Macy got the job and worked at Ocosta school for the next 14 years. He was a math and PE teacher and, over the years, held a number of coaching positions, including head coach for the high school girls’ basketball team.

“After nine years or so, I decided to work towards my admin credentials,” said Macy. “So, I quit head coaching. But, I was still doing some assistant coaching and helping while I was working toward my credentials.”

While in the process of earning his credentials, Macy also worked as the assistant principal. Once he received his administrator’s credentials, he was offered the position of principal. Accepting the position, he told them he wasn’t sure that was what he wanted to do in the long term. After a stressful year, which included the death of a student, Macy had decided that was not what he wanted to do for the rest of his career.

“I found I didn’t like being totally out of the classroom and being out of contact with all of the kids,” said Macy.

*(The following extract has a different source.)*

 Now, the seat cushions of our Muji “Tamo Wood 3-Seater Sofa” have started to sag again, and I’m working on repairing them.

While at a job fair in Spokane with the Ocosta superintendent, Macy ran into Karen Wirkkala, then principal at NGRVS. It turned out there were several positions open at the school. Macy took a couple of applications. Later, he mentioned to his wife Wendy that he had the applications. She asked if he was serious about going to Naselle. After discussing it, they both decided they were interested and each filled out an application.


Back to Naselle


After interviews, both Macys received job offers which they accepted. Wendy became the second grade teacher, a position which she has held to date. Macy was hired to split his time between classroom subjects, PE and serving as the head basketball coach.

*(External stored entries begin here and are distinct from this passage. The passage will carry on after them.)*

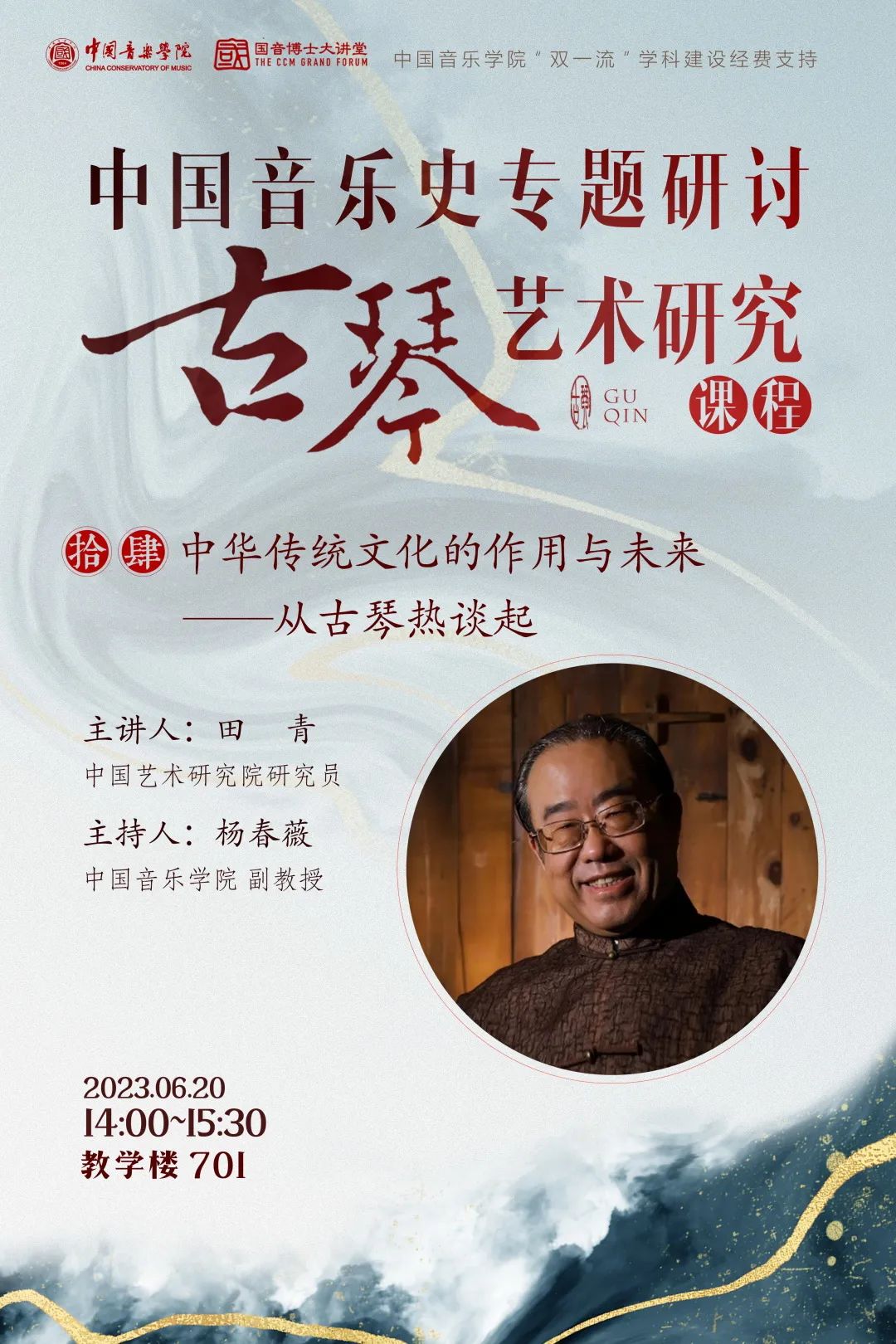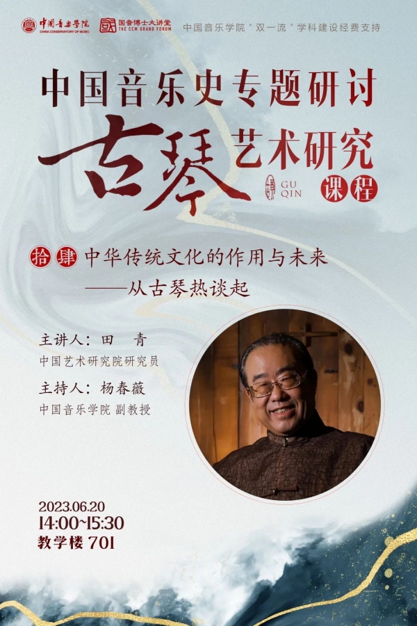 《中国音乐史专题研讨:古琴艺术研究》课程是中国音乐学院打造的“国音博士大讲堂”特色学术品牌课程之一,由音乐学系康瑞军教授担任课程负责人,授课团队包括吴文光先生等多位国家级非物质文化遗产传承人,以及校内外中青年专家。采用“讲座、研讨、工作坊”的形式,实行“一课多师”制,强化师生、生生之间的交流合作,实现教、学、研全面覆盖。课程内容涵盖琴曲、琴器、琴人、琴歌、琴谱、琴史、琴论、琴派等诸多方面,深入讲解古琴演奏技巧技法,观摩体验古琴艺术魅力。旨在面向青年学生,实现对中华优秀古典艺术的创新性传承。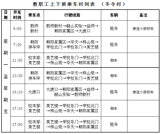 2.教职工上下班交通车安排表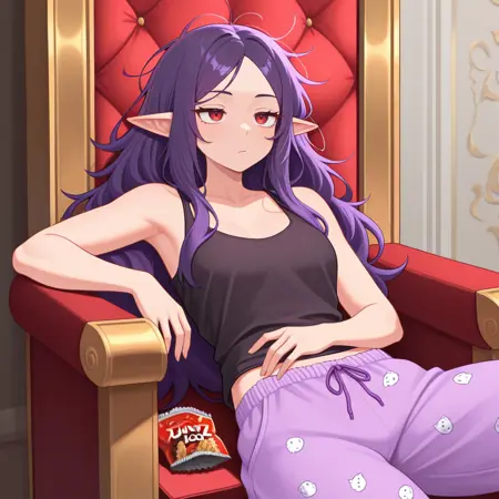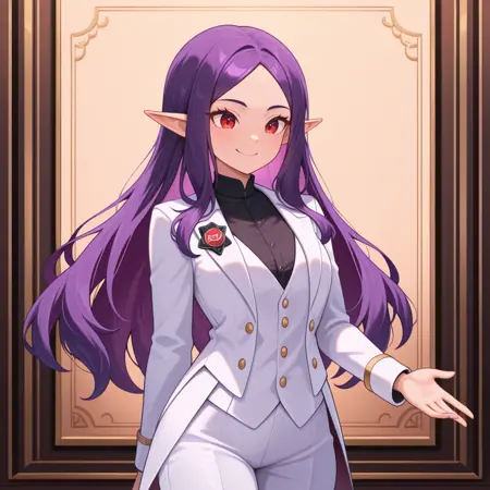 Optional: red eyes, pointy ears, long hair, purple hair, white elbow gloves, purple dress, white skirt, white cape, tiara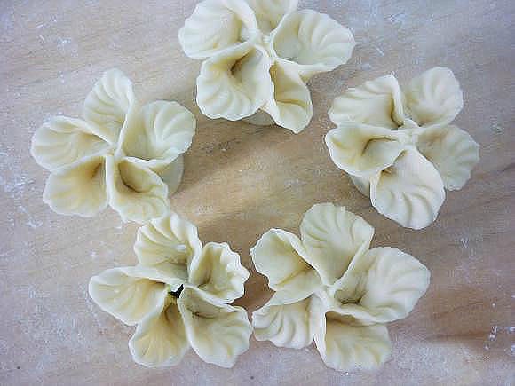Описание: ПЕЛЬМЕНИ "БУКЕТ ЦВЕТОВ" Вот вашему вниманию пельмешекцветочек... надеюсь не останетесьравнодушны... начинка может быть любой какобычной пельменной, так и сладкой...на фото овощная... Ингридиенты: мука - 200 гр. вода - 100 гр(кипяток) овощи или фарш соль, перец для теста : смешать 200 гр. муки со 100 гр.кипятка, и замесить крутоеэластичное тесто (это нужно чтобытесто было менее тянущимся, с нимбудет удобнее работать, не будутрваться пельмени... ) дать немного постоять и раскатывать лепешки. на фото грибы, зелень, побегибамбука, немного куриногорубленного фарша (вы делайте начинку котораянравится вам) если будетвозможность купить кунжутноемасло, купите обязательно, онопридает просто неповторимый вкуссалатам... а овощной начинке в пельменях добавляет изюминку...если его нет это совсем не страшно ..можно оливковое или пару капельобычного, но имейте в видукунжутное хоть и дорогое масло, ностоит того... тесто раскатать по лепешечкам исформировать так сказать звезду... красиво защипываем концы звезд ивнимание каждый лепестокподгибаем, и другой конец кончиказажимаем у основания.. чтобыобразовался лепесток, соединитьлепестки между собой.. и хорошо зажать серединку...Вот и получился цветочек....И разве это не букет цветов???отправляем в пароварку!!! Угощайтесь!!!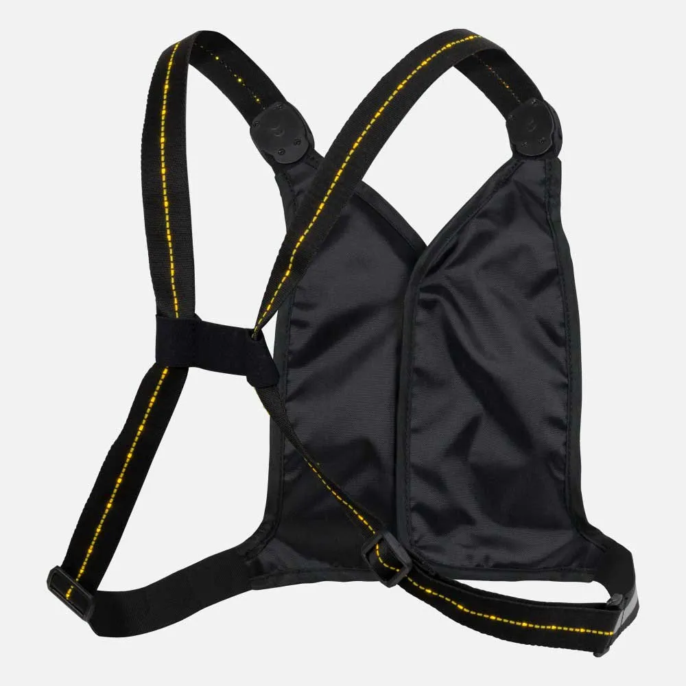 - Chaleco reflectante ultraligero que también se ilumina para ayudar a ser visto en condiciones de poca luz.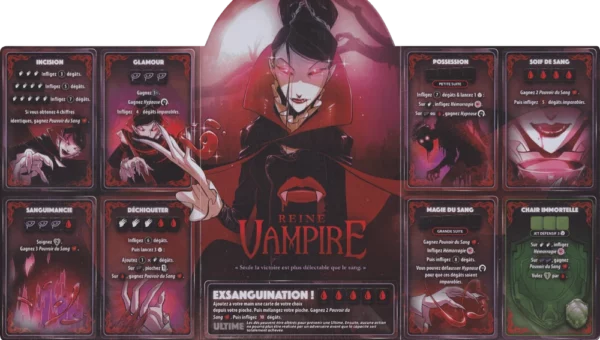 Les joueurs commencent par choisir entre la lumière sacrée de la Séraphine et les ténèbres envoûtantes de la Reine Vampire. Ensuite, ils utilisent les cartes d'amélioration pour personnaliser leurs compétences. Les lancers de dés déterminent l'activation des capacités, tandis que les cartes permettent de modifier les résultats pour maximiser les effets.

“I taught social studies, math and PE and coached basketball the first year,” recalled Macy. “I’ve genuinely enjoyed my coaching. When we were 2B, it was really tough to beat teams in that central 2B league at the District and State tournaments. In the Pacific League, we won two or three league titles in a row. We had some really close games in post season games that were winner to state and loser out. We’d get right up to the door and then not get through. I think once we started playing at the 1B level we became more competitive. Last year we made it to the regionals. If there had been a 16-team tournament we’d have made it to State. It’s been better for all our kids in every sport. I think it took all of us, me included, a while to realize this is probably where we are at. With the decline in enrolling we were experiencing, I think our kids really are benefiting from the move to 1B.”

As proof to that statement, this year the Comet football team earned their way into the state tournament before being outscored by an undefeated Lummi team. The volleyball team became District champions and made it to state earning seventh place. The varsity boys’ basketball team finished second in the league and are in post-season play. The varsity girls’ basketball team finished the regular season first in the league and will now play in the District tournament.

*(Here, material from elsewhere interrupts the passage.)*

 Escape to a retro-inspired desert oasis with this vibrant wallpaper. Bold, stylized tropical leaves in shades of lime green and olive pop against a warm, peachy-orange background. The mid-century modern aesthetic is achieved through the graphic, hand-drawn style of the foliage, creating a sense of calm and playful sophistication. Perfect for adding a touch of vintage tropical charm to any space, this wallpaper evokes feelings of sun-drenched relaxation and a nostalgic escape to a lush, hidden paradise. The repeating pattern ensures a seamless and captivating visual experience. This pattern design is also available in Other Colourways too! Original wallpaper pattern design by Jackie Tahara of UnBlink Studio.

Macy is clearly optimistic about the future of sports at Naselle saying, “I think we have some extremely good athletes coming up through the system.”

The Macy’s are now empty nesters. Their son, Drew, graduated from college last spring with a degree in computer science and is now employed in Oklahoma by Fast Enterprises, working on software for the state department of licensing.

“He’s doing well and is already making more money than I do after 27 years in education,” said Macy with a touch of pride in his voice.

“Wendy and I love living in this area. We love the community. We love the school. It is a great school. I just think there’s some awesome people here. Some great teachers and staff with whom Wendy and I are proud to work,” he said.